### EXERCISE INSTRUCTIONS
Starting at the line where "Bruneck. Geparkeerd net" occurs, reproduce each line through the end of the entries below exactly. Omit every picture.

——————

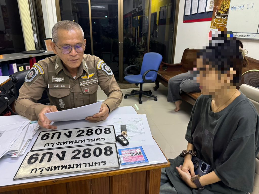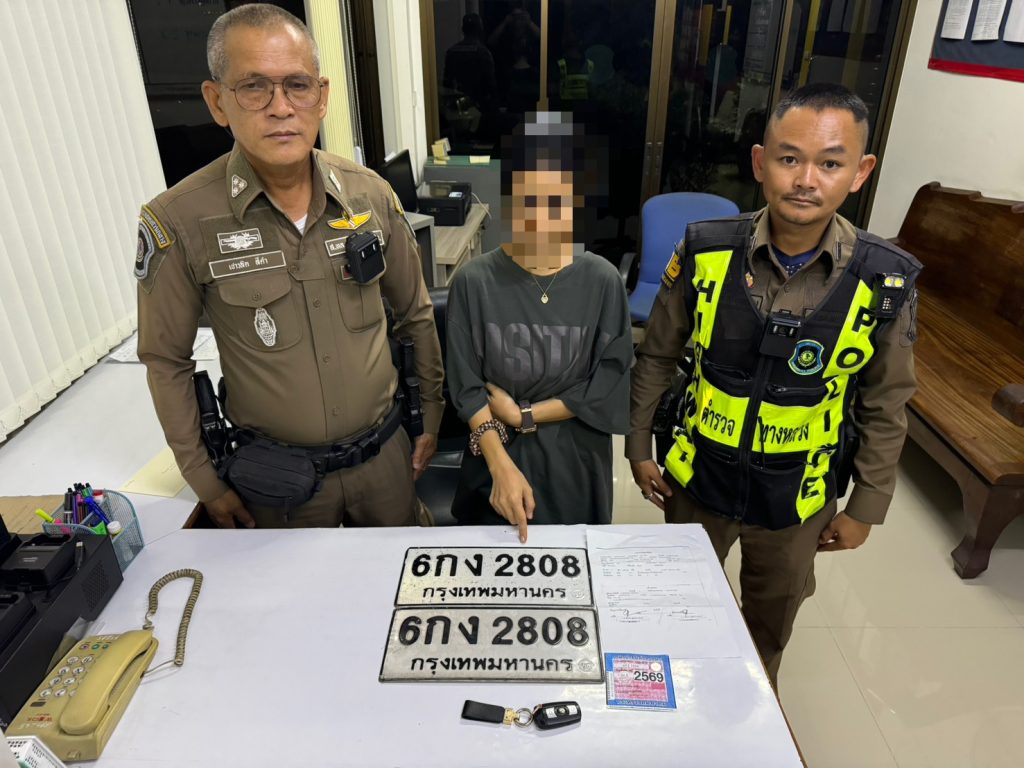 พบ น.ส.ปามิกา อายุ 32 ปี ชาวอำเภอเมืองสุพรรณบุรี จังหวัดสุพรรณบุรี เป็นผู้ขับขี่ เจ้าหน้าที่ตำรวจขอดูใบอนุญาตขับขี่,แผ่นป้ายแสดงการเสียภาษีประจำปี,แผ่นป้ายหมายเลขทะเบียน 6 กง 2808 กรุงเทพมหานคร ปรากฏว่ามีใบอนุญาตขับขี่ถูกต้องและมีแผ่นป้ายแสดงการเสียภาษีประจำปี หมายเลขทะเบียน 6 กง 2808 กรุงเทพมหานคร วันสิ้นอายุภาษี 7 เม.ย.2569 จำนวน 1 แผ่น ติดอยู่ที่กระจกบานหน้าฝั่งซ้ายมือของผู้ขับขี่ และมีแผ่นป้ายหมายเลขทะเบียน 6 กง 2808 กรุงเทพมหานคร จำนวน 2 แผ่นติดอยู่ที่กรอบป้ายทะเบียนด้านหน้ารถและติดอยู่ที่กรอบป้ายทะเบียนด้านท้ายรถยนต์ดังกล่าว
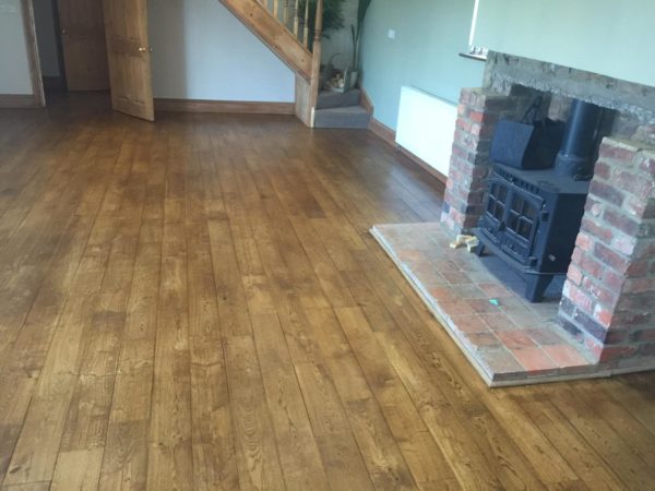 Solid teak parquet done in Wakefield. A bit of concrete area on the hall entrance has been removed, new parquet has been installed to fill the gap. Also, around fireplace there have been a few repairs to be done after the customer changed the hearth. Once all repairs were completed entire area has been sanded down and black Osmo oil has been applied. The floor was finishes with 1 coat of clear oil.
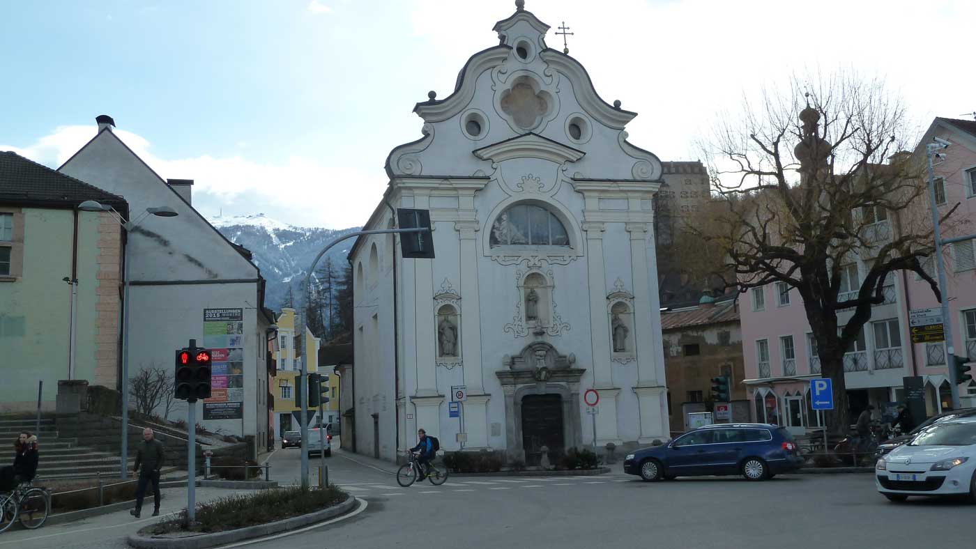 Bruneck. Geparkeerd net buiten het voetgangsgebied tegenover een kerk uit 1350 (febr16065). Aardig centrum met leuke winkelstraat (bijna alles dicht) en verschillende
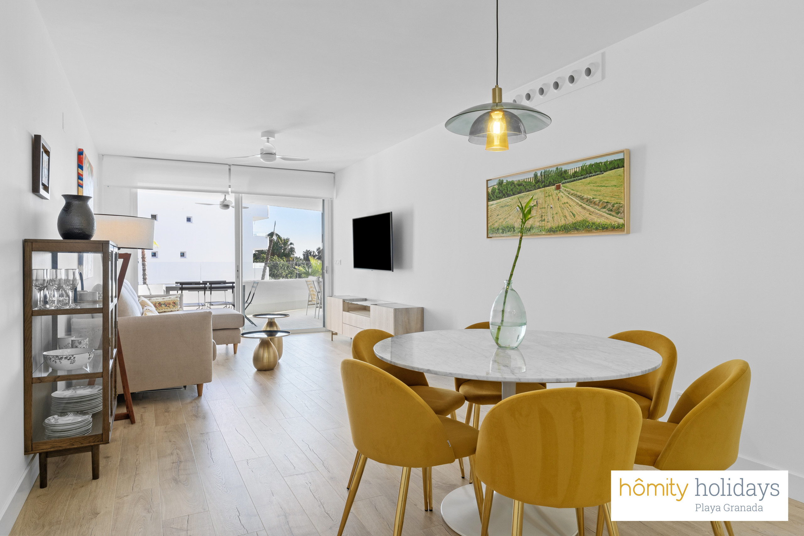 Se encuentra a 20 m del supermercado "Supermercado Elemen", 900 m de la playa de roca, 1 km del campo de Golf "Los Moriscos Club de Golf", 95 km de la pista de esquí "Sierra Nevada", 100 km del parque natural "Sierra Nevada", 100 km del aeropuerto internacional "Aeropuerto Internacional de Málaga" y está ubicado en una zona tranquila y junto al mar.
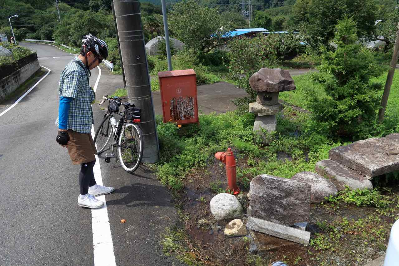 小川を見つけて、水と戯れるコガさん。完全にポタリングモードの服なのは、夜走だったからのようなのだけど、そもそもランドナータイプの人だから。

——————

### ANSWER TO THIS PROBLEM
 Bruneck. Geparkeerd net buiten het voetgangsgebied tegenover een kerk uit 1350 (febr16065). Aardig centrum met leuke winkelstraat (bijna alles dicht) en verschillende
 Se encuentra a 20 m del supermercado "Supermercado Elemen", 900 m de la playa de roca, 1 km del campo de Golf "Los Moriscos Club de Golf", 95 km de la pista de esquí "Sierra Nevada", 100 km del parque natural "Sierra Nevada", 100 km del aeropuerto internacional "Aeropuerto Internacional de Málaga" y está ubicado en una zona tranquila y junto al mar.
 小川を見つけて、水と戯れるコガさん。完全にポタリングモードの服なのは、夜走だったからのようなのだけど、そもそもランドナータイプの人だから。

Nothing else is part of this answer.